The plaintiffs argue, in effect, that the ZBA erred by finding the engineer
to be credible. However, it was for the ZBA to assess the credibility of the
parties’ offers of proof. See id. at 519.

Finally, the plaintiffs argue that the trial court erred by not considering
information they submitted, for the first time, with their motion for
reconsideration. The plaintiffs appended to their motion records from the New
Hampshire Department of Environmental Services (DES) concerning the water
treatment chemicals that Aquarion uses. The trial court declined to consider
that evidence because the plaintiffs could have submitted it to the ZBA at the
hearing on the special exception, but chose not to do so.

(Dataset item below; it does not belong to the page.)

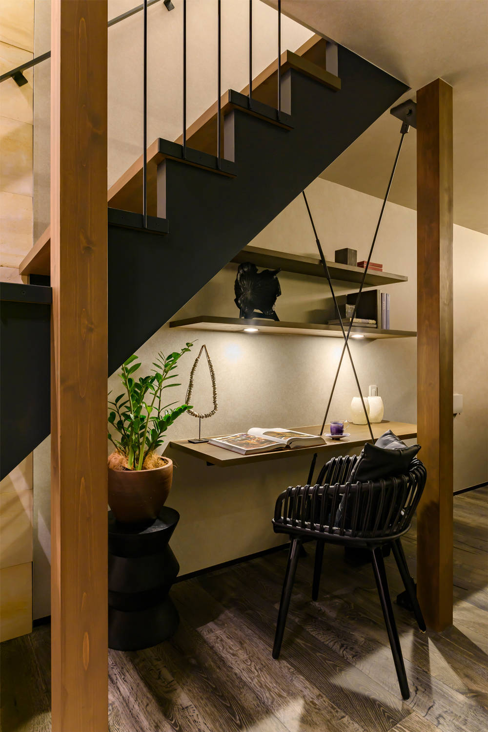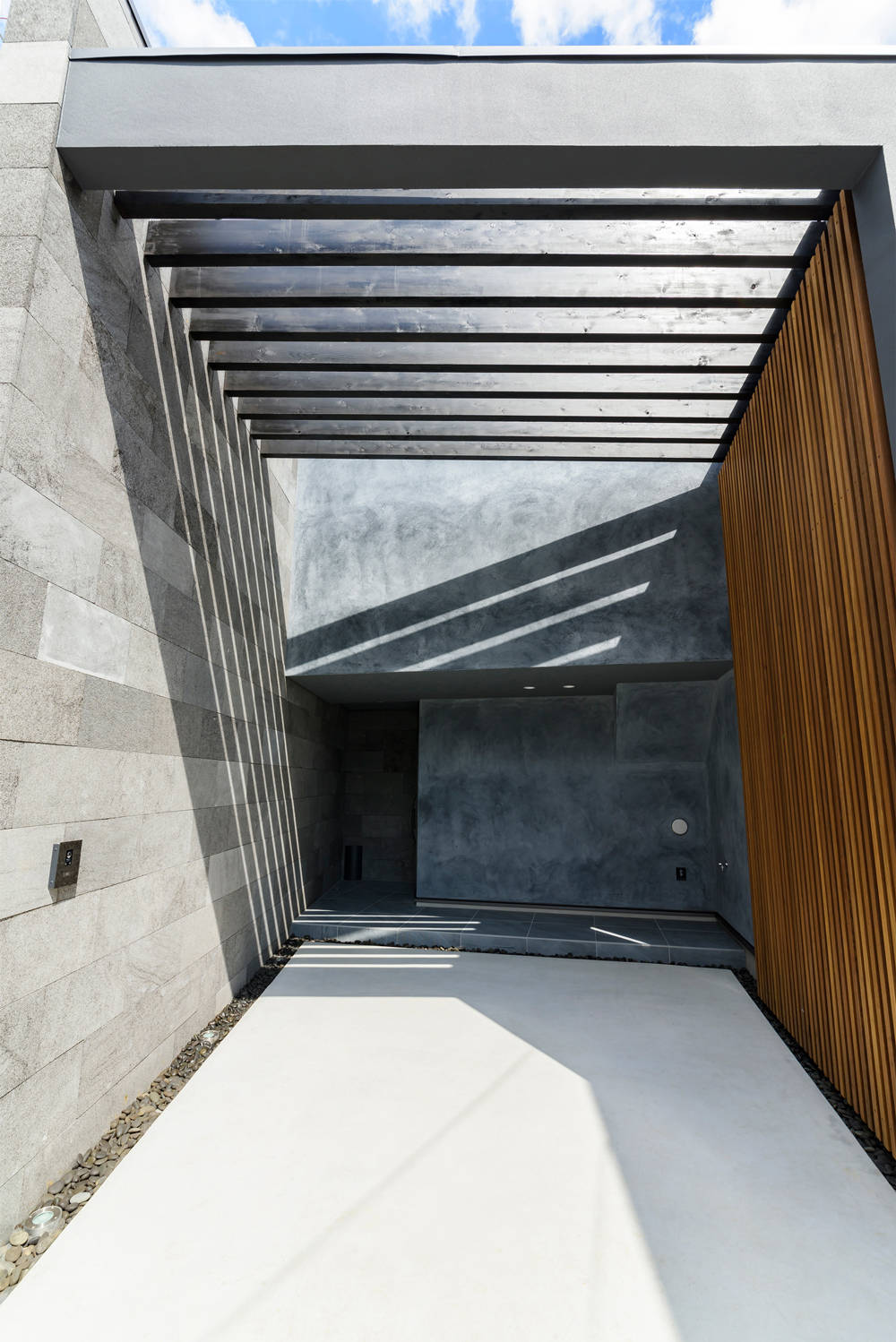 鎌倉七里ガ浜の変形+傾斜敷地に建つ木造2階建住宅。敷地の高...

“Whether to receive further evidence on a motion for reconsideration
rests in the sound discretion of the trial court.” Lillie-Putz Trust v. DownEast
Energy Corp., 160 N.H. 716, 726 (2010)
. We review the trial court’s ruling for
an unsustainable exercise of discretion and will not overturn it unless the
plaintiffs can show that it was clearly untenable or unreasonable to the
prejudice of their case. See id. Moreover, in the context of an appeal of a ZBA
decision, “[i]t is the trial court’s prerogative to determine whether admission of
further evidence would advance justice or judicial economy. The trial court is
in the best position to determine the sufficiency of the record before it.”
Robinson v. Town of Hudson, 149 N.H. 255, 258 (2003) (quotation omitted).

Here, we cannot conclude that the trial court unsustainably exercised its
discretion by declining to consider the DES information the plaintiffs submitted
for the first time with their motion for reconsideration. The trial court was well
within its discretion not to consider information that could have been, but was
not, presented to the ZBA. As the trial court observed: “The ZBA weighed the
evidence and assessed the credibility of offers of proof based upon the
information that it had at the time, and the process of appellate review is not
designed to afford the losing side an opportunity to undermine those credibility
determinations in this manner, particularly where such evidence is submitted,
for the first time, in . . . a motion for reconsideration.” We have reviewed the
plaintiffs’ remaining arguments and conclude that they do not warrant further
discussion. See Vogel v. Vogel, 137 N.H. 321, 322 (1993).

Affirmed.

Lynn, C.J., and Hicks, Hantz Marconi, and Donovan, JJ., concurred.